BEGIN Data supplied
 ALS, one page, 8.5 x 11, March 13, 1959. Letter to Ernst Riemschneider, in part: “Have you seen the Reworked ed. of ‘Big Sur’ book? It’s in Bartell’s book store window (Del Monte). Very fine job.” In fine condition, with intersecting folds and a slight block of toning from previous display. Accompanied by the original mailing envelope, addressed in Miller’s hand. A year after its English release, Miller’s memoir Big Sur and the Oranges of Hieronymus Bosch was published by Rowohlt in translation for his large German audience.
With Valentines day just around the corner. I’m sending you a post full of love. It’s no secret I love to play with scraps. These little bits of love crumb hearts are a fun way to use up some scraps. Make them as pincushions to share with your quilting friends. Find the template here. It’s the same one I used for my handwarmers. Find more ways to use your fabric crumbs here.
END Data supplied
BEGIN Data supplied
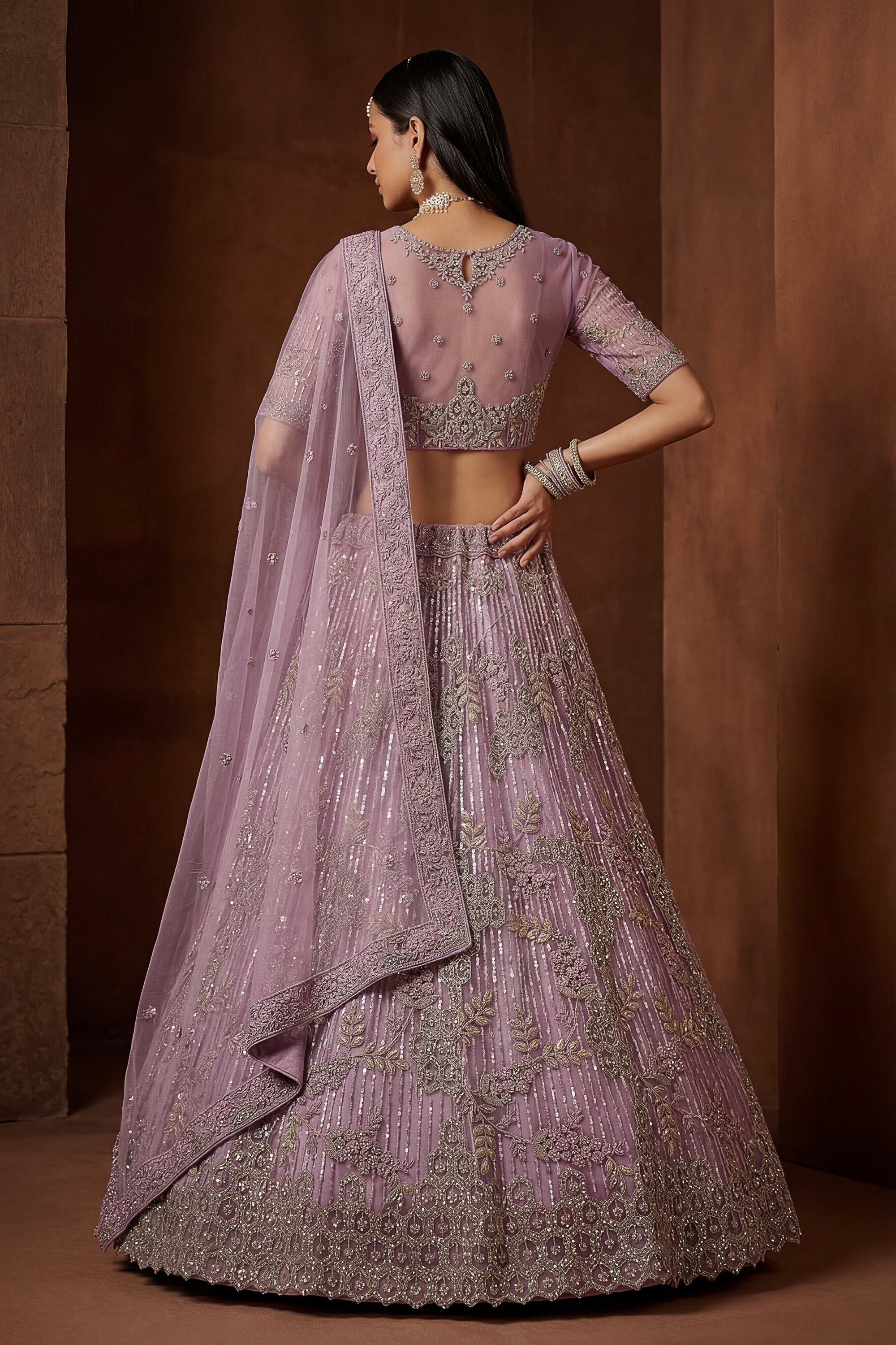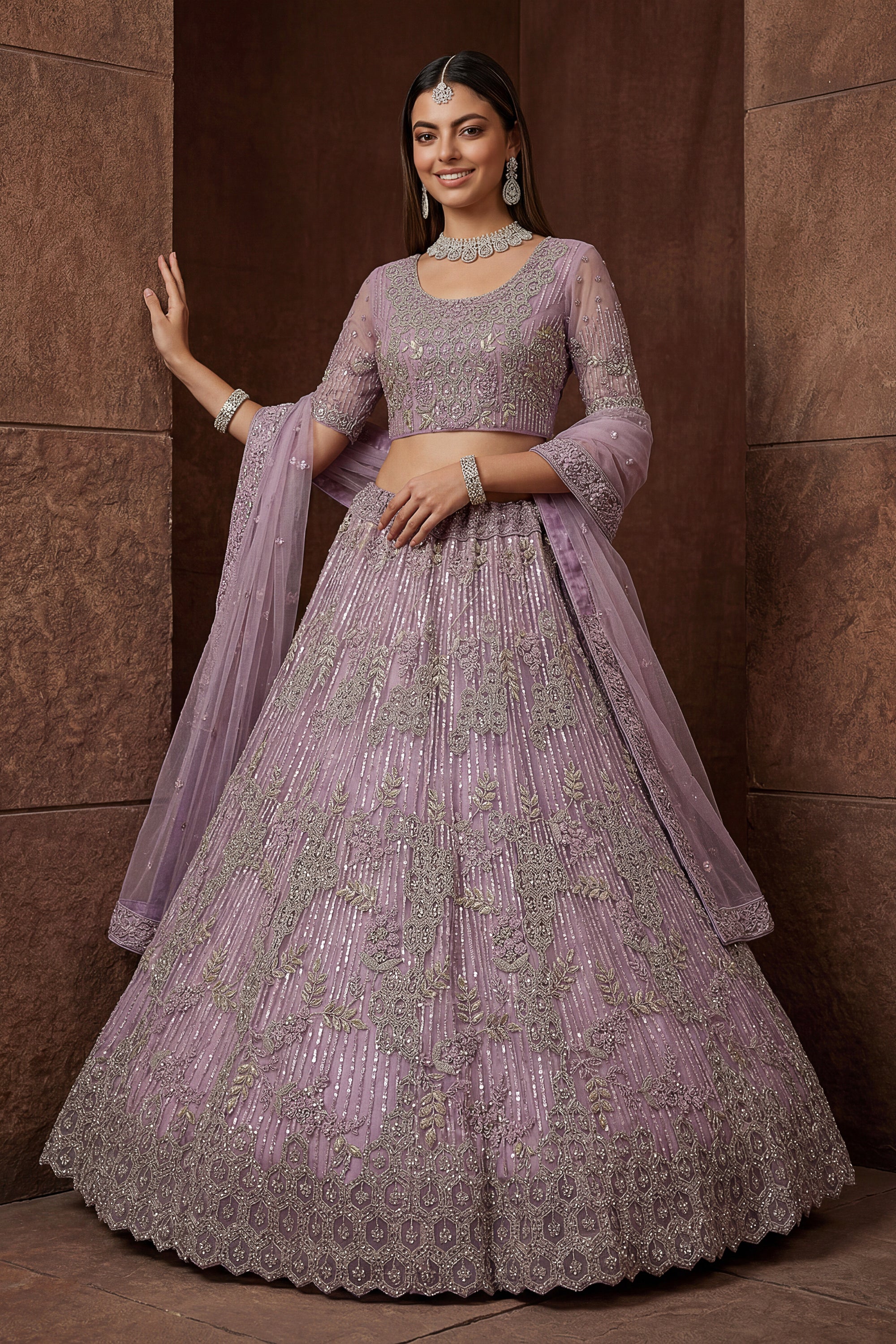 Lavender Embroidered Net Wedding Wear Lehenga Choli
END Data supplied
BEGIN Data supplied
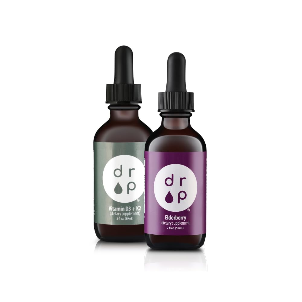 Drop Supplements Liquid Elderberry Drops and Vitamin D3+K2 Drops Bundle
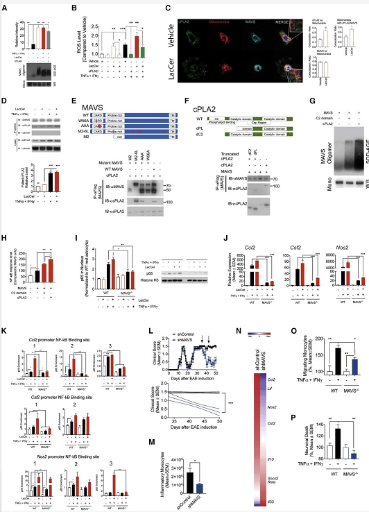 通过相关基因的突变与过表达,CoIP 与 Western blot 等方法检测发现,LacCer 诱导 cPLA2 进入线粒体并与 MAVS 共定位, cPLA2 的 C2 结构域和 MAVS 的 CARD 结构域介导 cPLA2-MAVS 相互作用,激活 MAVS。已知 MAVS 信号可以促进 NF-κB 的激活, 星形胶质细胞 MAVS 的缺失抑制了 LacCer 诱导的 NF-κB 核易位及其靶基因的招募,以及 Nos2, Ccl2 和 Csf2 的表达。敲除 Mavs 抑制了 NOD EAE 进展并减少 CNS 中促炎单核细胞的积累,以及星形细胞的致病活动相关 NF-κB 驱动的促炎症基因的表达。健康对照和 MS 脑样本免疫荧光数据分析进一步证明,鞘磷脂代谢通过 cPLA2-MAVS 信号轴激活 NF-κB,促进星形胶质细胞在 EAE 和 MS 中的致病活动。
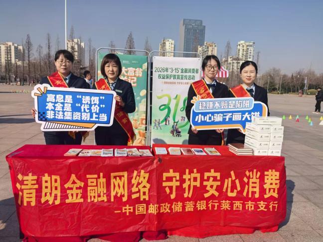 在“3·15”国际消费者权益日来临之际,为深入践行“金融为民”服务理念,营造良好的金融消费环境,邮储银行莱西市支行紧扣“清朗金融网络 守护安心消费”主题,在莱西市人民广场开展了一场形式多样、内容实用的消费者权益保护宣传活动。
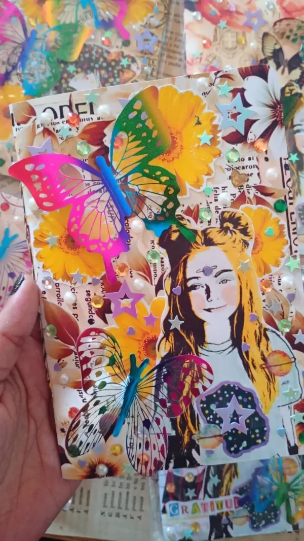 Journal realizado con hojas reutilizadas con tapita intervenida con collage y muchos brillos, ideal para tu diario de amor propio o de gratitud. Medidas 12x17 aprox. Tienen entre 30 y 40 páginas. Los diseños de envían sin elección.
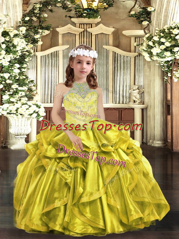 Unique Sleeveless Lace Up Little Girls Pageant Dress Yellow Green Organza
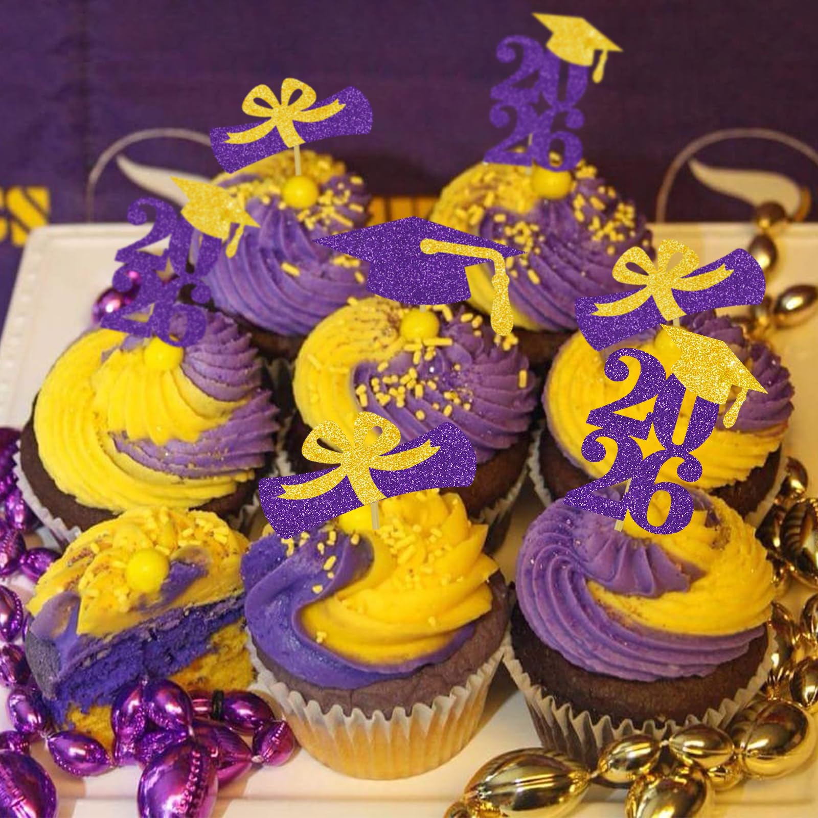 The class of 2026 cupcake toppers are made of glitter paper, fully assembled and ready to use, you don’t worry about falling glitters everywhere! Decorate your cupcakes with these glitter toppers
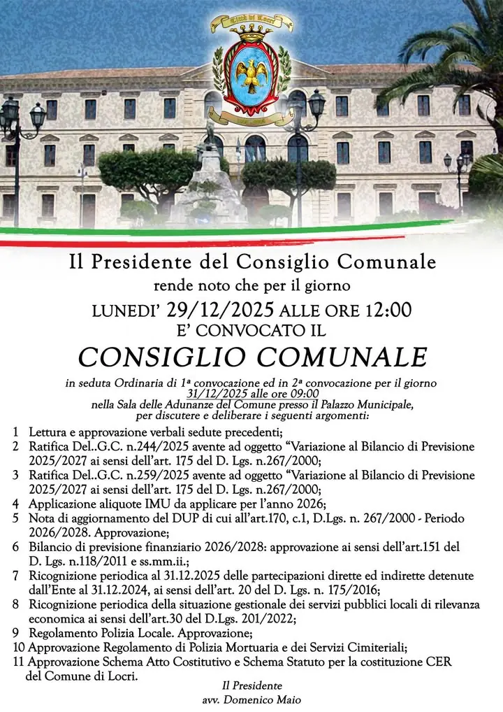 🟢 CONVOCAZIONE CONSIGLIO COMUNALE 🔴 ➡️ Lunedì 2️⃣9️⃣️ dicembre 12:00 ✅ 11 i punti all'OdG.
END Data supplied
**Assigned task:**
Leave out every picture, and copy exactly the lines above starting at the one holding "Drop Supplements Liquid" and ending at the one holding "Journal realizado con", no more and no less.

**Result for this task:**
 Drop Supplements Liquid Elderberry Drops and Vitamin D3+K2 Drops Bundle
 通过相关基因的突变与过表达,CoIP 与 Western blot 等方法检测发现,LacCer 诱导 cPLA2 进入线粒体并与 MAVS 共定位, cPLA2 的 C2 结构域和 MAVS 的 CARD 结构域介导 cPLA2-MAVS 相互作用,激活 MAVS。已知 MAVS 信号可以促进 NF-κB 的激活, 星形胶质细胞 MAVS 的缺失抑制了 LacCer 诱导的 NF-κB 核易位及其靶基因的招募,以及 Nos2, Ccl2 和 Csf2 的表达。敲除 Mavs 抑制了 NOD EAE 进展并减少 CNS 中促炎单核细胞的积累,以及星形细胞的致病活动相关 NF-κB 驱动的促炎症基因的表达。健康对照和 MS 脑样本免疫荧光数据分析进一步证明,鞘磷脂代谢通过 cPLA2-MAVS 信号轴激活 NF-κB,促进星形胶质细胞在 EAE 和 MS 中的致病活动。
 在“3·15”国际消费者权益日来临之际,为深入践行“金融为民”服务理念,营造良好的金融消费环境,邮储银行莱西市支行紧扣“清朗金融网络 守护安心消费”主题,在莱西市人民广场开展了一场形式多样、内容实用的消费者权益保护宣传活动。
 Journal realizado con hojas reutilizadas con tapita intervenida con collage y muchos brillos, ideal para tu diario de amor propio o de gratitud. Medidas 12x17 aprox. Tienen entre 30 y 40 páginas. Los diseños de envían sin elección.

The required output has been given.